Raw data:
- - - -

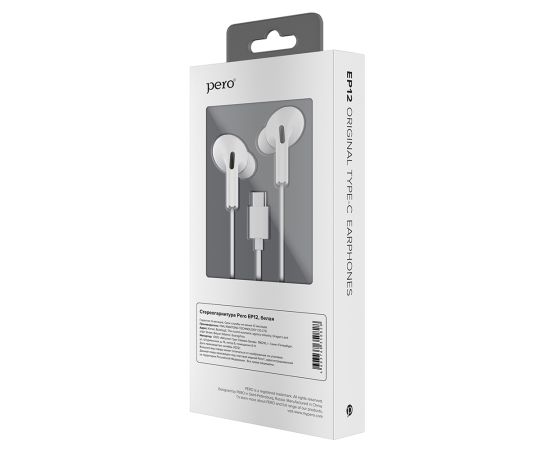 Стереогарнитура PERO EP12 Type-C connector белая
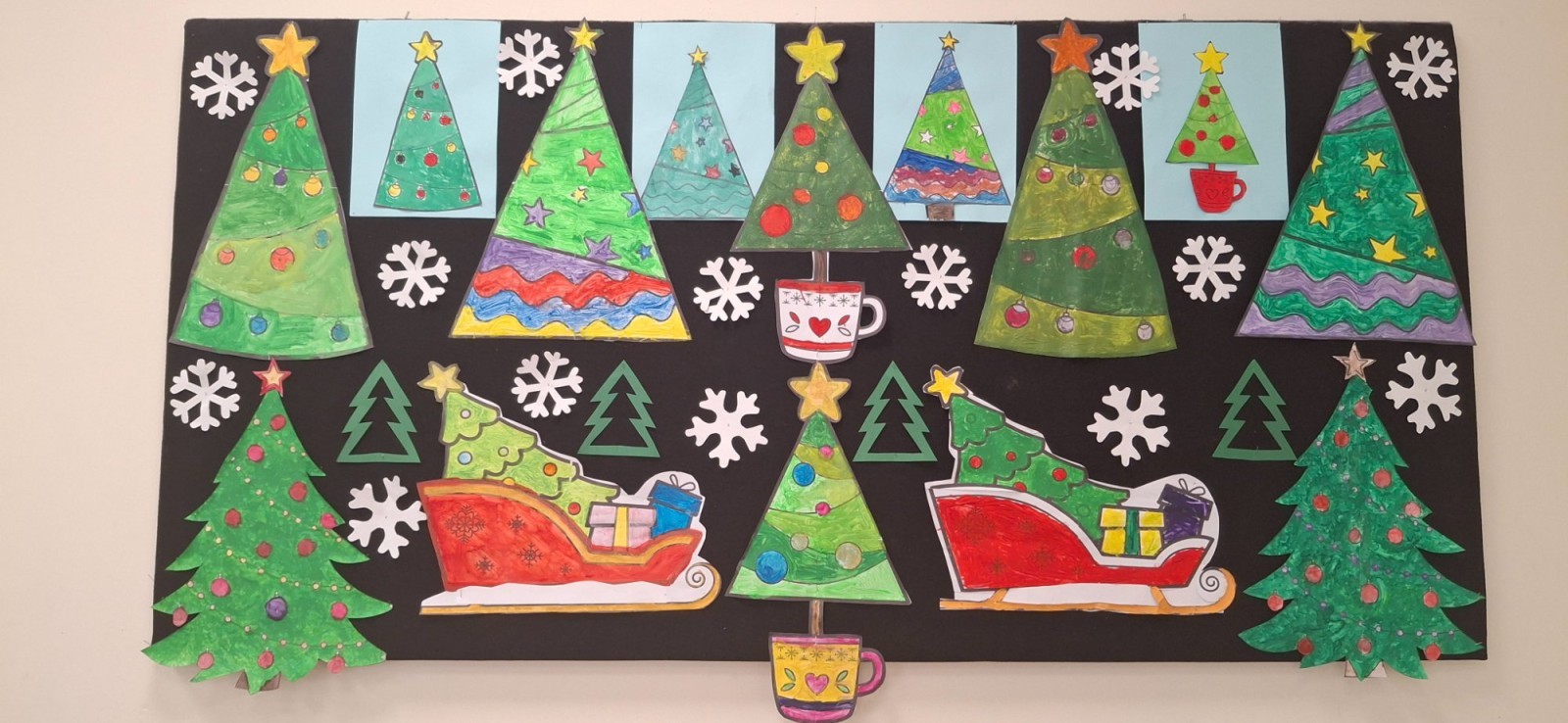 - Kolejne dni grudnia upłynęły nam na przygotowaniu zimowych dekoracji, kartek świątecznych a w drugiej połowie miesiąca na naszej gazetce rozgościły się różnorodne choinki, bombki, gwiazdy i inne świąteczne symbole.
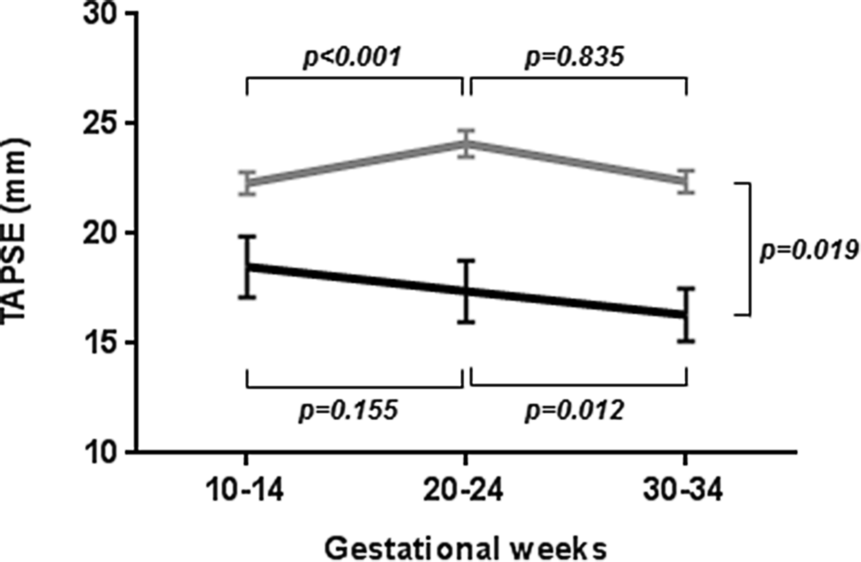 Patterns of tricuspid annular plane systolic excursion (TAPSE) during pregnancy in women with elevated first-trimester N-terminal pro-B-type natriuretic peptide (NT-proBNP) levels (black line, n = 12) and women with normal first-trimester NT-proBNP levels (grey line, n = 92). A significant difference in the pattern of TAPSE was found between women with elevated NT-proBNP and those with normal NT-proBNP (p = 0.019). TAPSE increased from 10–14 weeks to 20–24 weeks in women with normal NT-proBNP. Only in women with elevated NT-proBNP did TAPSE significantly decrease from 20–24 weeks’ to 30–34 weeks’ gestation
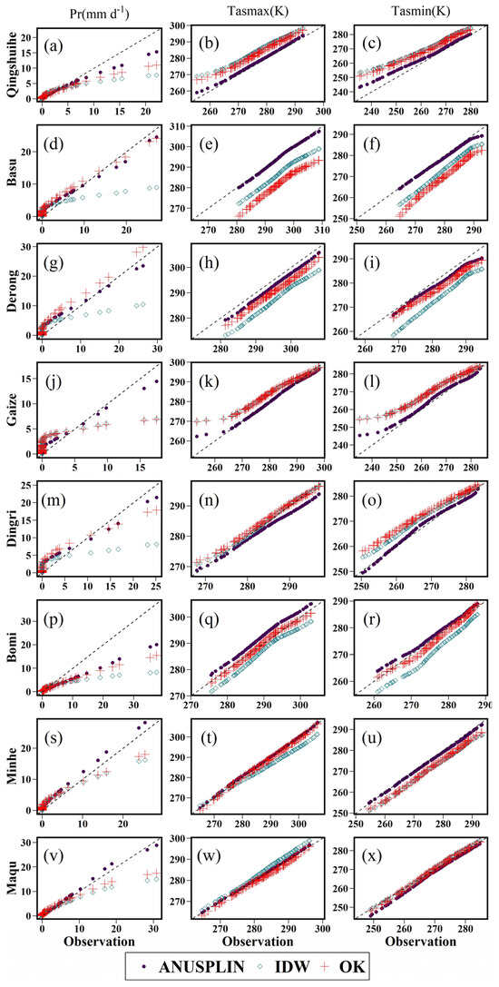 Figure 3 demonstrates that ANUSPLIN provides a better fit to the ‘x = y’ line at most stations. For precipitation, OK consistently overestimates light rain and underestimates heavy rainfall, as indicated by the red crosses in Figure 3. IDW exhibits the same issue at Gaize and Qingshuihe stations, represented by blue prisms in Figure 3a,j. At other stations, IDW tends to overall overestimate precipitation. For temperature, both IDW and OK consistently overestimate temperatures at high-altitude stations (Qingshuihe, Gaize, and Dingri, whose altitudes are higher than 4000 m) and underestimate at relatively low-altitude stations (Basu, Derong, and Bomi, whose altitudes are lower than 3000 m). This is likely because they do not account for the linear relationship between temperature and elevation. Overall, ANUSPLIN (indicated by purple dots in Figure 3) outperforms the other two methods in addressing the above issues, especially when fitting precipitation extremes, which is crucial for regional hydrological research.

- - - -

Directions for this task:
Give the listing again exactly, minus its images.

Response below:
 Стереогарнитура PERO EP12 Type-C connector белая
 - Kolejne dni grudnia upłynęły nam na przygotowaniu zimowych dekoracji, kartek świątecznych a w drugiej połowie miesiąca na naszej gazetce rozgościły się różnorodne choinki, bombki, gwiazdy i inne świąteczne symbole.
 Patterns of tricuspid annular plane systolic excursion (TAPSE) during pregnancy in women with elevated first-trimester N-terminal pro-B-type natriuretic peptide (NT-proBNP) levels (black line, n = 12) and women with normal first-trimester NT-proBNP levels (grey line, n = 92). A significant difference in the pattern of TAPSE was found between women with elevated NT-proBNP and those with normal NT-proBNP (p = 0.019). TAPSE increased from 10–14 weeks to 20–24 weeks in women with normal NT-proBNP. Only in women with elevated NT-proBNP did TAPSE significantly decrease from 20–24 weeks’ to 30–34 weeks’ gestation
 Figure 3 demonstrates that ANUSPLIN provides a better fit to the ‘x = y’ line at most stations. For precipitation, OK consistently overestimates light rain and underestimates heavy rainfall, as indicated by the red crosses in Figure 3. IDW exhibits the same issue at Gaize and Qingshuihe stations, represented by blue prisms in Figure 3a,j. At other stations, IDW tends to overall overestimate precipitation. For temperature, both IDW and OK consistently overestimate temperatures at high-altitude stations (Qingshuihe, Gaize, and Dingri, whose altitudes are higher than 4000 m) and underestimate at relatively low-altitude stations (Basu, Derong, and Bomi, whose altitudes are lower than 3000 m). This is likely because they do not account for the linear relationship between temperature and elevation. Overall, ANUSPLIN (indicated by purple dots in Figure 3) outperforms the other two methods in addressing the above issues, especially when fitting precipitation extremes, which is crucial for regional hydrological research.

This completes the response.